Drake ließ die Schultern hängen, als er ging.

„Sie verstehen gar nichts“, murmelte er. „Sie können es auch gar nicht verstehen, es ist reichlich kompliziert.“

Fenner sah ihm nach, als er ging. Ein gebrochener Mann, mit dem er plötzlich Mitleid empfand. Drake schien nicht mehr derselbe zu sein, nicht mehr der harte unbeugsame Admiral.

Genau genommen, dachte Fenner, sah er aus wie ein müder alter Mann, der die Lust am Leben verloren hat.

Und das alles hatte der schwarzhaarige Kerl mit ein paar Worten bewirkt?

Fenner sah zu der Galeone des Seewolfs hinüber. Ihn fror plötzlich, einfach so, aus keinem besonderen Anlaß. Vielleicht waren es die Augen dieses Höllenhundes, die so kalt wie Polareis schimmern konnten.

Drake war noch keine Viertelstunde fort, als er wieder an Deck erschien. Er sah etwas frischer aus und seine Schultern hatten sich wieder gestrafft, aber er vermied es, zu der Galeone des Seewolfs hinüberzublikken.

„Ich war vorhin wohl etwas durcheinander, Mister Fenner“, sagte er kühl. „Natürlich warten wir nicht ab, sondern beginnen unverzüglich mit der Arbeit. Ich möchte nicht auf diesen Killigrew zurückgreifen müssen, es wäre zu beschämend. Wir versuchen selbst, uns herunterzuziehen. Lassen Sie Anker ausbringen, der Profos und der Bootsmann verstehen ihr Handwerk. Treiben Sie die Leute ordentlich an, lassen Sie eine Extraration Rum an die Mannschaften ausgeben. Natürlich sollen Sie das nicht selbst tun, Mister Fenner, geben Sie den Befehl weiter, tut mir leid, wenn ich mich immer an Sie wende, aber Sie verstehen mich schon.“

„Aye, Sir, ich werde alles veranlassen.“

Nachdem die Ration Rum ausgegeben worden war, begann auf der „Elizabeth Bonaventura“ eine äußerst schweißtreibende Arbeit.

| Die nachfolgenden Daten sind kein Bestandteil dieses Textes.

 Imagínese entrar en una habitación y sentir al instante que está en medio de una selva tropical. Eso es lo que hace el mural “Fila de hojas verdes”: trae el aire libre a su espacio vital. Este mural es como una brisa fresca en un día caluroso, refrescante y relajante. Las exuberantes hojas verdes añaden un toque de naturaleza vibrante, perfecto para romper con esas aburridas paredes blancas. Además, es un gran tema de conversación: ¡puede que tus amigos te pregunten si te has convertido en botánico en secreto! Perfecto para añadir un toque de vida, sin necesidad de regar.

Da wurden Boote zu Wasser gelassen, da wurde gebrüllt, geschrien und geflucht, und über allem stand später der Mond und blickte seelenruhig und milde herunter.

4.

Bei Beginn der Nacht gab, es keine fauleren Burschen als die Seewölfe auf der „Isabella“.

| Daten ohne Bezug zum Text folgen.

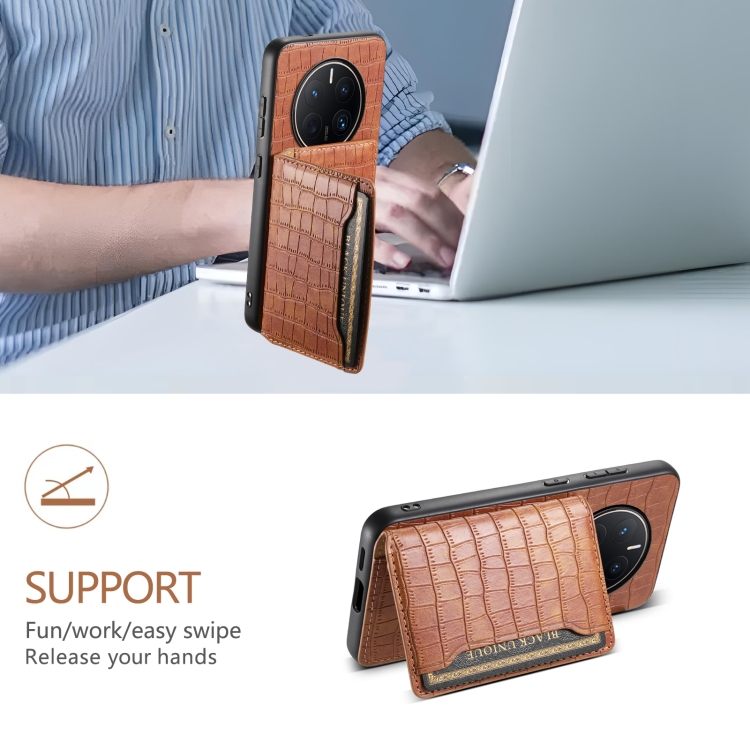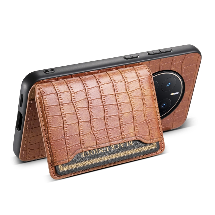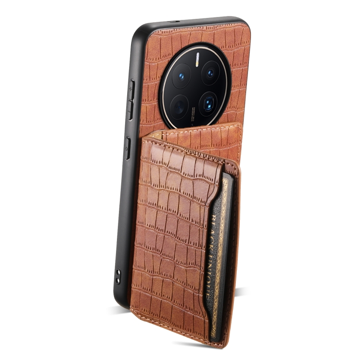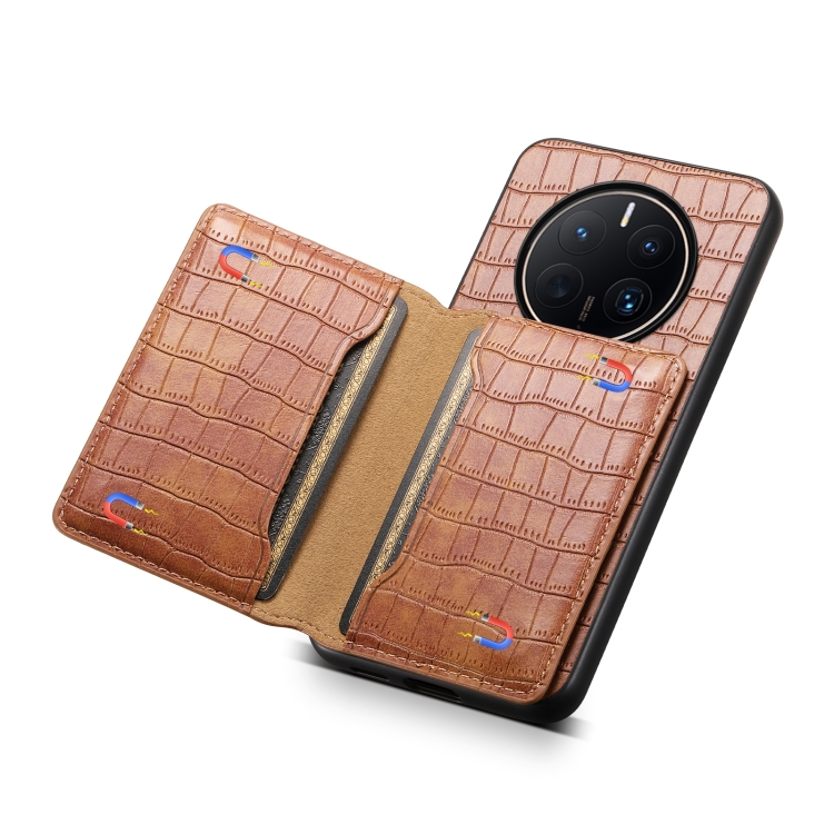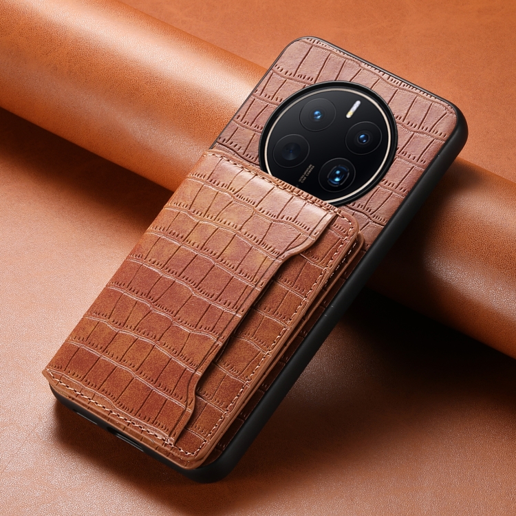 Funda para Huawei Mate 50 Pro con Diseño Bolsa para Tarjetas y Textura de Cocodrilo (Marrón)

Sie hockten ausnahmslos an Deck und sahen gespannt und belustigt auf das Treiben gegenüber.

Einige hingen faul und träge wie große Spinnen in den Webleinen der Wanten, andere hockten mit herabbaumelnden Beinen auf dem Handlauf des Schanzkleides, und ein großer Teil saß auf der Kuhlgräting und verfolgte interessiert, wie die aufgescheuchten Seesoldaten und Mannschaften wohl ihr Schiff vom Dreck ziehen wollten.

Daß ihr Tun von kräftigen und ironischen Kommentaren gewürzt wurde, verstand sich von selbst.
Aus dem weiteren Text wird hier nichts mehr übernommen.